Proposed NYSE Rule 5.2(j)(8)(e)(1)(A) is based on NYSE Arca Rule 5.2-
E(j)(8)(e)(1)(A) without any differences.
    Proposed NYSE Rule 5.2(j)(8)(e)(2) would set forth the standards 
for suspension of trading or removal of Exchange-Traded Fund Shares 
from listing on the Exchange and would provide that the Exchange will 
consider the suspension of trading in, and will commence delisting 
proceedings under NYSE Rule 5.5(m) of, a series of Exchange-Traded Fund 
Shares under any of the following circumstances:

    (A) If the Exchange becomes aware that the investment company is 
no longer eligible to operate in reliance on Rule 6c-11;
    (B) if the investment company no longer complies with the 
requirements set forth in NYSE Rule 5.2(j)(8);
    (C) if, following the initial twelve-month period after 
commencement of trading on the Exchange of a series of Exchange-
Traded Fund Shares, there are fewer than 50 beneficial holders of 
such series of Exchange-Traded Fund Shares; or
    (D) if such other event shall occur or condition exists which, 
in the opinion of the Exchange, makes further dealings on the 
Exchange inadvisable (see proposed NYSE Rule 5.2(j)(8)(e)(2)(D)).

    Proposed NYSE Rule 5.2(j)(8)(e)(2) is based on NYSE Arca Rule 5.2-
E(j)(8)(e)(2) without any differences.
    Proposed NYSE Rule 5.2(j)(8)(f) would provide that transactions in 
Exchange-Traded Fund Shares would occur during the trading hours 
specified in Rule 7.34(a) for Exchange-listed securities. Proposed NYSE 
Rule 5.2(j)(8)(f) is based on NYSE Arca Rule 5.2-E(j)(8)(f) with a 
difference to cross reference the Exchange's rule governing the hours 
of trading. In addition, unlike NYSE Arca, Exchange-listed securities 
trade on the Exchange only during Core Trading Hours.

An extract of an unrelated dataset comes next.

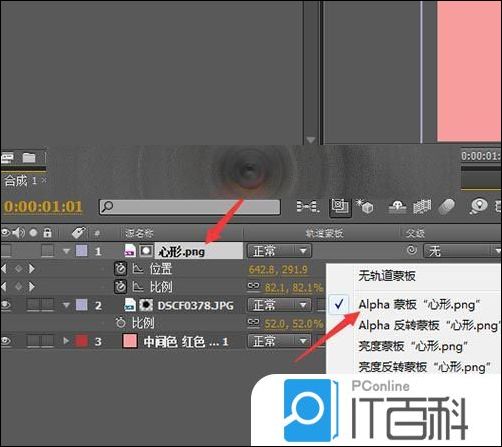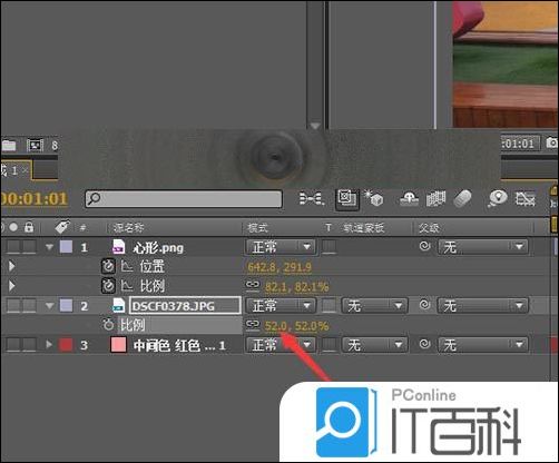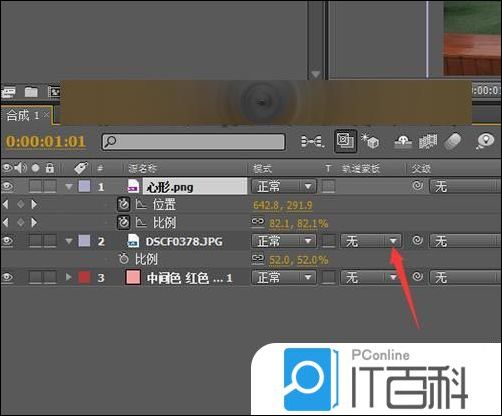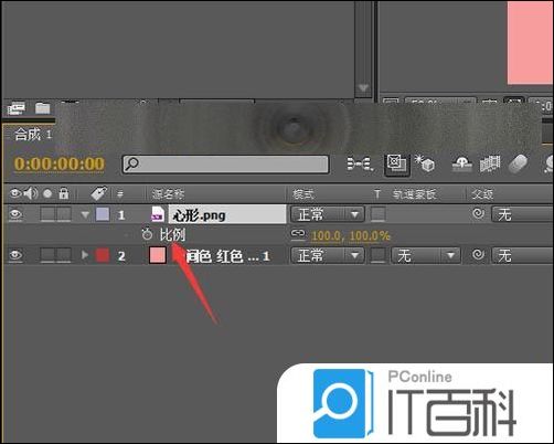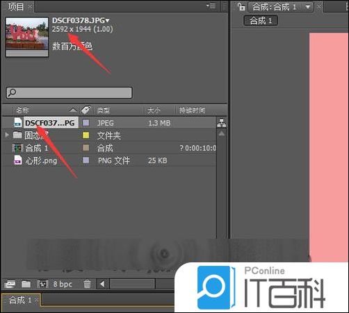 8、调整好之后,就需要导入要制作效果的相片。把相片直接拉入到心形的下面。在处理相片的时候,如果导入的相片过大,就 可点击键盘上的s键把它缩放到合成的大小。

    Proposed NYSE Rule 5.2(j)(8)(g) would provide that the Exchange 
would implement and maintain written surveillance procedures for 
Exchange-Traded Fund Shares. This proposed rule is based, for example, 
on Commentary .01(f) to NYSE Rule 5.2(j)(3) (for Investment Company 
Units); Commentary .03 to NYSE Rule 8.600 (for Managed Fund Shares); 
and Commentary .04 to NYSE Rule 8.700 (for Managed Trust Securities). 
Proposed NYSE Rule 5.2(j)(8)(g) is based on NYSE Arca Rule 5.2-
E(j)(8)(g) without any differences.
    Proposed NYSE Rule 5.2(j)(8)(h) would provide that, upon 
termination of an investment company issuing Exchange-Traded Fund 
Shares, the Exchange would require that Exchange-Traded Fund Shares 
issued in connection with such entity be removed from Exchange listing. 
Proposed NYSE Rule 5.2(j)(8)(h) is based on NYSE Arca Rule 5.2-
E(j)(8)(h) without any differences.
    Proposed Commentary .01 to NYSE Rule 5.2(j)(8) would provide that a 
security that has previously been approved for listing on the Exchange 
pursuant to the generic listing requirements specified in NYSE Rule 
5.2(j)(3) or Commentary .01 to NYSE Rule 8.600, or pursuant to a 
proposed rule change approved or subject to a notice of effectiveness 
by the Commission, may be considered approved for listing solely under 
NYSE Rule 5.2(j)(8) if such security is eligible to operate in reliance 
on Rule 6c-11 under the 1940 Act. Once so approved for listing, the 
continued listing requirements applicable to such previously-listed 
security will be those specified in paragraph (e) of NYSE Rule 
5.2(j)(8). Any requirements for listing as specified in NYSE Rule 
5.2(j)(3) or Commentary .01 to NYSE Rule 8.600, or an approval order or 
notice of effectiveness of a separate proposed rule change that differ 
from the requirements of NYSE Rule 5.2(j)(8) will no longer be 
applicable to such security. Commentary .01 to proposed NYSE Rule 
5.2(j)(8) is based on Commentary .01 to NYSE Arca Rule 5.2-E(j)(8) 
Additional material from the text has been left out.